Three years ago at Northlands, Redwood was in another spill. “I was lucky again that time too. My horse and another one hooked wheels. Again I was shot up in the air. I jarred my hip pretty good but I wasn’t hurt enough that I couldn’t fulfill my duties.”
As for the ATV accident that converted his life, Redwood said in some ways it might have been a good thing. “It got me to quit drinking. It was life-altering. God only knows where things would have led to if it hadn’t happened. It was rock bottom. And if it wasn’t it helped me to get there. I’m only 33 but I’ve lived through a lot already,” said Redwood, a guy who you’d love to see continue to succeed in harness racing and in life and a guy you can unabashedly cheer for.
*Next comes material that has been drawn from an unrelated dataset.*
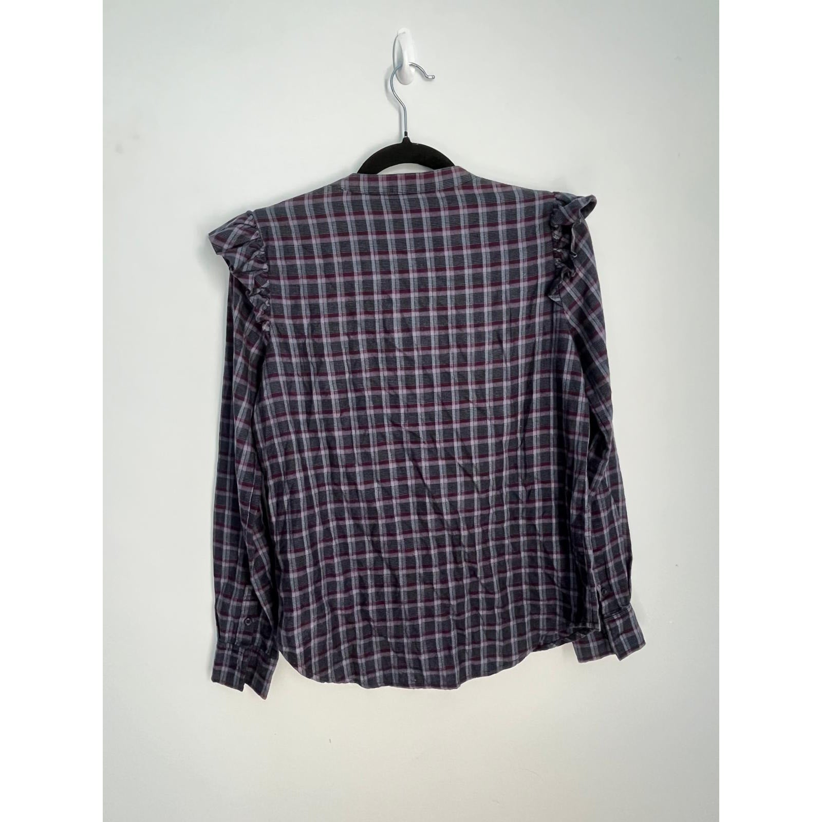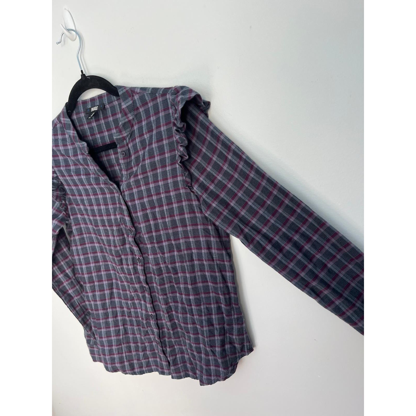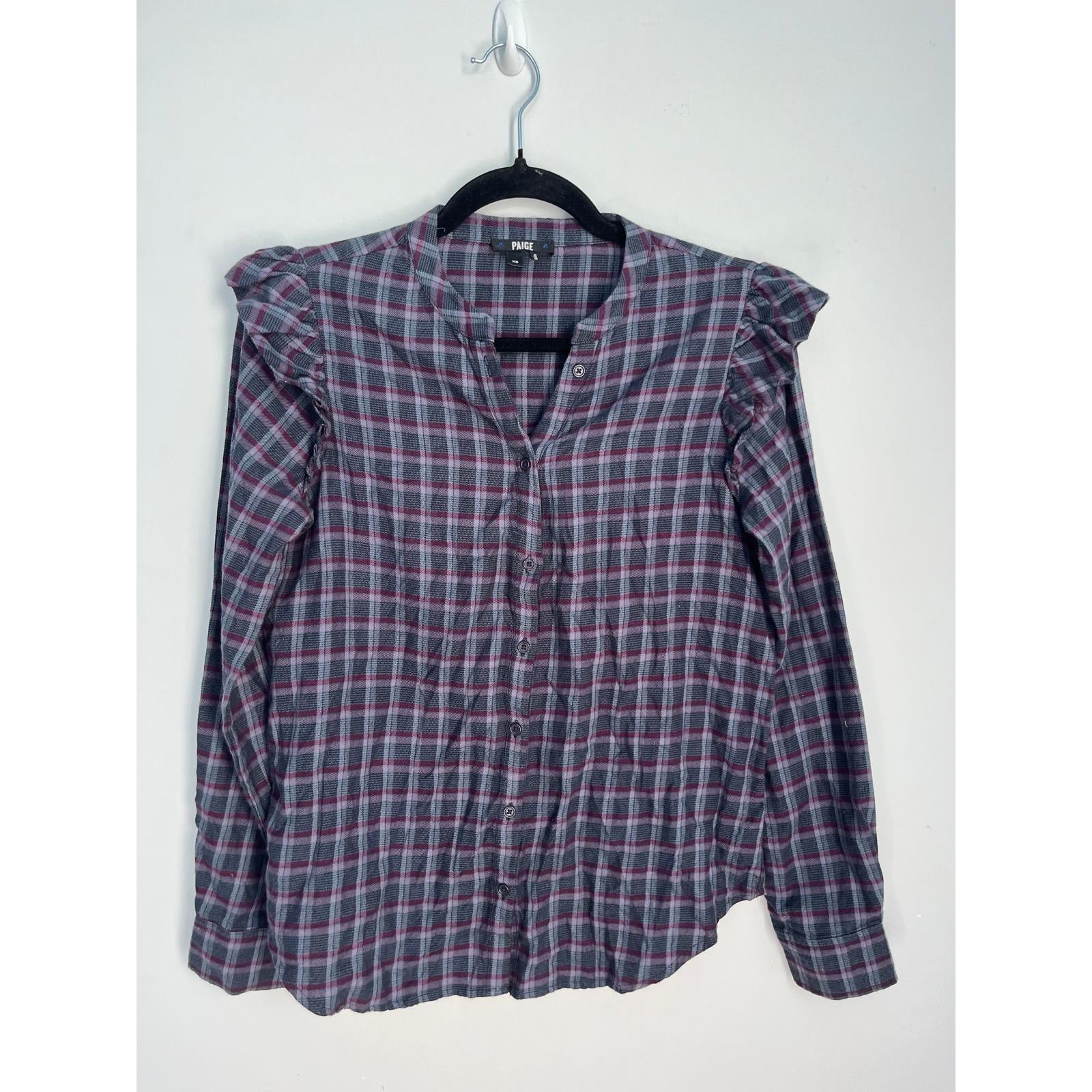PAIGE Ruffle Shoulder Plaid Button Shirt Women XS Purple Gray Long Sleeve Top

“Alcohol was my coping mechanism. Drink, pass out and forget about it all. Until the next day of course. Then it’s still there and you continue to do the same thing. Somebody looked over me to pull me through. A lot of it was my wife. A lot was my dad and a lot is my support system. Now I know that I’m not alone and I’m not the only one with this problem.
“September 24, 2012. That’s a day I’ll never forget.”